▸ **DESCRIPTION OF THE TASK**
Each line in the material below, starting at the one that contains "Timing is everything…A" and ending at the one that contains "柱式平托盤分為固定式和可卸式", should be repeated exactly; the pictures should not.

(GIVEN DATA)

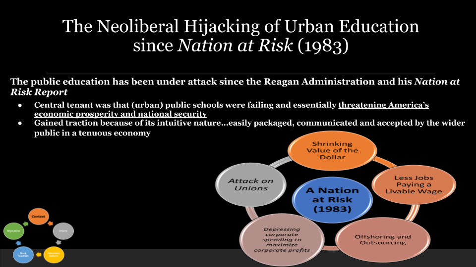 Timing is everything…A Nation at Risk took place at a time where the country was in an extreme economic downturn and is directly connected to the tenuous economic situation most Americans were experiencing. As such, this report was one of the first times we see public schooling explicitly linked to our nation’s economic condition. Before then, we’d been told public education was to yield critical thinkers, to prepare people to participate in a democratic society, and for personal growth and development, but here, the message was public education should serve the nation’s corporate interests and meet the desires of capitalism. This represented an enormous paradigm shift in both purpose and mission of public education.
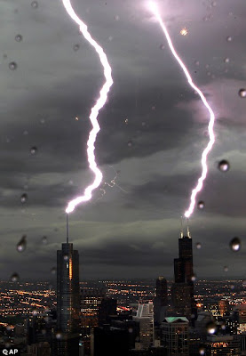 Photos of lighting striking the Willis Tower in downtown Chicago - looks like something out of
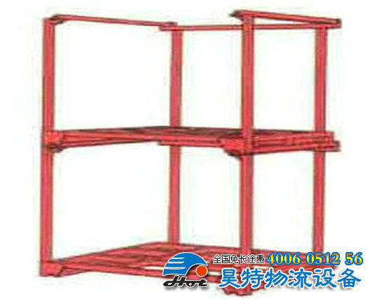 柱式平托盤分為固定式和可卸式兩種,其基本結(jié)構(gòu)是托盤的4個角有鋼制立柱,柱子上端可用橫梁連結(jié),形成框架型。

(End GIVEN DATA)
(GIVEN DATA)

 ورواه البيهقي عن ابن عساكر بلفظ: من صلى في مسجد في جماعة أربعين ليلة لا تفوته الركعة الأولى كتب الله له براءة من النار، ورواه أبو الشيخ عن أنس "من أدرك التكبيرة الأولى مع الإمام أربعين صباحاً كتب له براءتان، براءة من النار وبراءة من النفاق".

(End GIVEN DATA)

▸ **RESPONSE AREA**
 Timing is everything…A Nation at Risk took place at a time where the country was in an extreme economic downturn and is directly connected to the tenuous economic situation most Americans were experiencing. As such, this report was one of the first times we see public schooling explicitly linked to our nation’s economic condition. Before then, we’d been told public education was to yield critical thinkers, to prepare people to participate in a democratic society, and for personal growth and development, but here, the message was public education should serve the nation’s corporate interests and meet the desires of capitalism. This represented an enormous paradigm shift in both purpose and mission of public education.
 Photos of lighting striking the Willis Tower in downtown Chicago - looks like something out of
 柱式平托盤分為固定式和可卸式兩種,其基本結(jié)構(gòu)是托盤的4個角有鋼制立柱,柱子上端可用橫梁連結(jié),形成框架型。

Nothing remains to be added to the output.